I've been in game development for around 18 years. Moved to Colorado to be close to family and picked up some remote contract work. That ended about 7 months ago. For the past 7 months I've been looking for work and haven't found shit. First time in my career that I've gone longer than a month without having a new gig. Industry must be trying to churn me out. Colorado has mostly shit for game companies with maybe 1-2 that seem stable enough. They are all located in Denver/Boulder though.
With that said, I've been working with UE4 exclusively for the last year and a half. I had no experience with it when I picked up that last contract and taught myself through the UE forums and youtube tutorials. I still have a lot to learn but I love working in blueprints. Very powerful IMO for a designer with no programming experience. I just picked up the 55 hour UE4 course on Udemy for 15 bucks. I plan on going through it just to see what else I can learn. My fear with that is how outdated the lessons will be because of engine version updates. Who knows, maybe my current knowledge of the engine will save me the time of needing to google shit because their lessons are out of date.

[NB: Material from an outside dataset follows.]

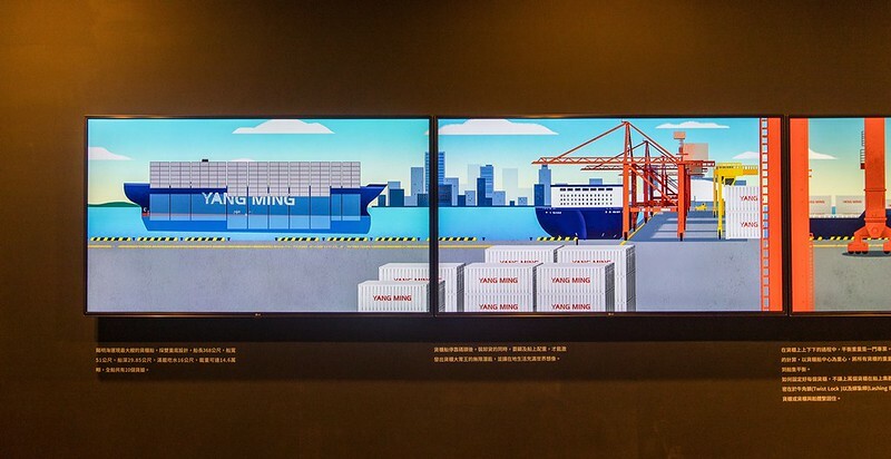 基本上展覽館的設計以船艙和貨櫃為理念,依著導覽的參觀入線,彷彿走進船艙、貨櫃裡,一整個新鮮有鮮。

When my contract ended in May, I started building an rpg that I wanted to do just to see how far I can get on my own and just to keep learning the engine. I dropped a few k on the marketplace and had most systems in on a basic level. Then I got to animation blueprints. Had about 70 creatures to setup blueprints for and I didn't fully grasp the animation system and that is where I lost steam. I started to realize the scope of what I wanted to do would never get there on my own. Ended up jumping onto another indie project with a small team of people I've worked with at different companies and my personal project has been sitting there for a few months. Just starting to dig into some c++ online class stuff. I probably should have learned to code 20 years ago.
As far as the UE4/Unity comparison. I've never really worked with Unity before. I've opened it up a few times but did shit with it. Now that I'm in UE4, I can't imagine ever wanting to make a game with Unity. I don't know, like I said, I love blueprints.

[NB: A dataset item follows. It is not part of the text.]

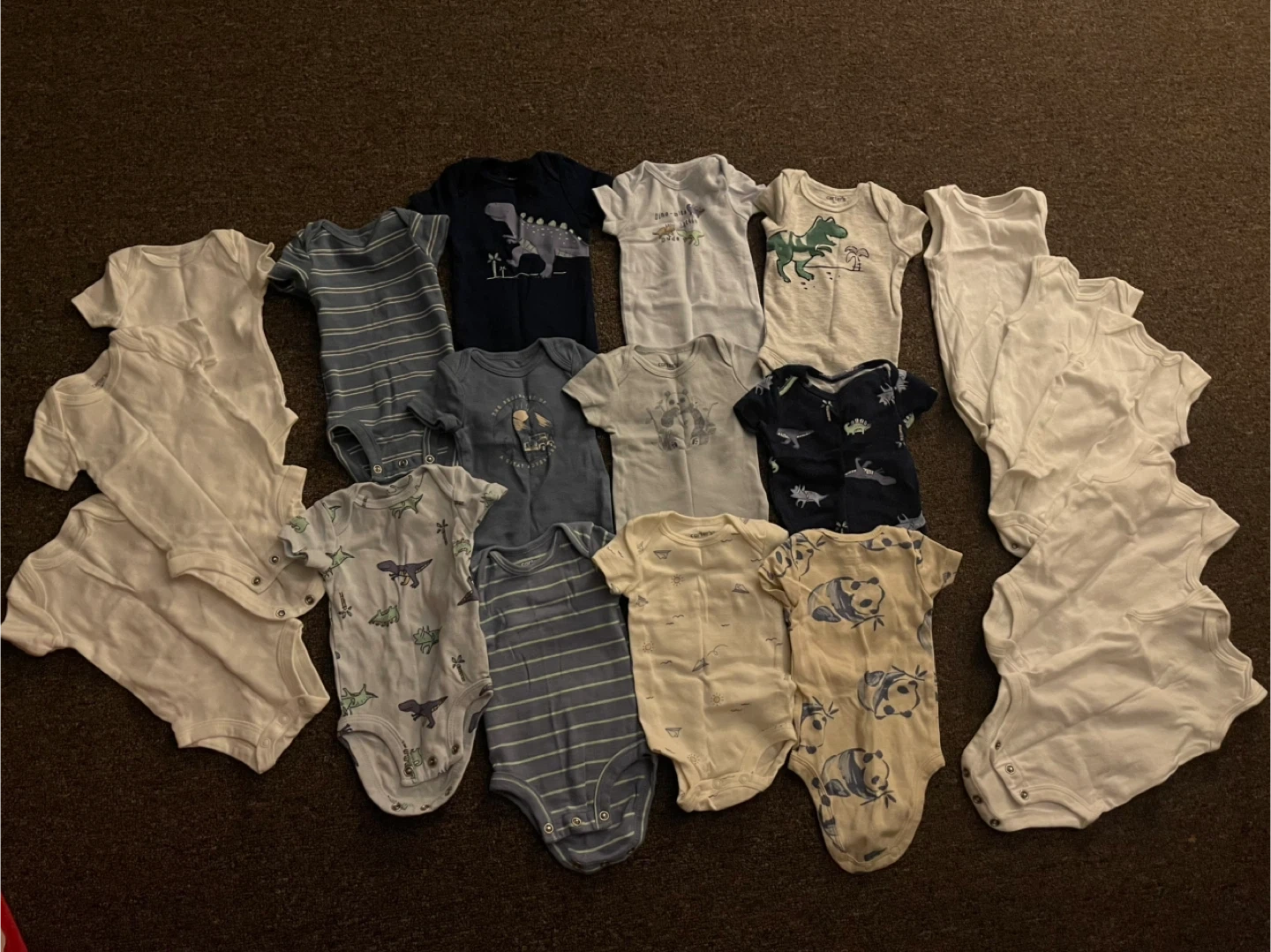 A collection of 15 newborn baby onesies in various styles. Includes dinosaur, panda, and striped patterns. Mostly short-sleeve designs with a few long-sleeve options. Assorted colors and sizes. They're made from soft cotton material. Great for everyday wear!

If you're really looking to get into the industry, make sure you pay attention to what was mentioned in this thread earlier. You have to have the desire to make games. Pay sucks because most of these companies setup shop in expensive places. If you're single, most of the time you're going to be working just to pay rent with a little extra cash leftover. You're going to bust your ass and most likely be let go a month after a project ships and they realize it wasn't as successful as they hoped it would be. Unless you work for one of the top companies who can afford to shit the bed on a game every now and then. Basically you have to accept to live a nomad lifestyle unless you get lucky and get into a place like that. Also be prepared to do all the work and watch management types take all the props when the game does well.
Hopefully you guys make something. I've been waiting to see an FOH game for years. Surprised it hasn't happened yet. I believe someone was working on one a few years ago on the old board iirc.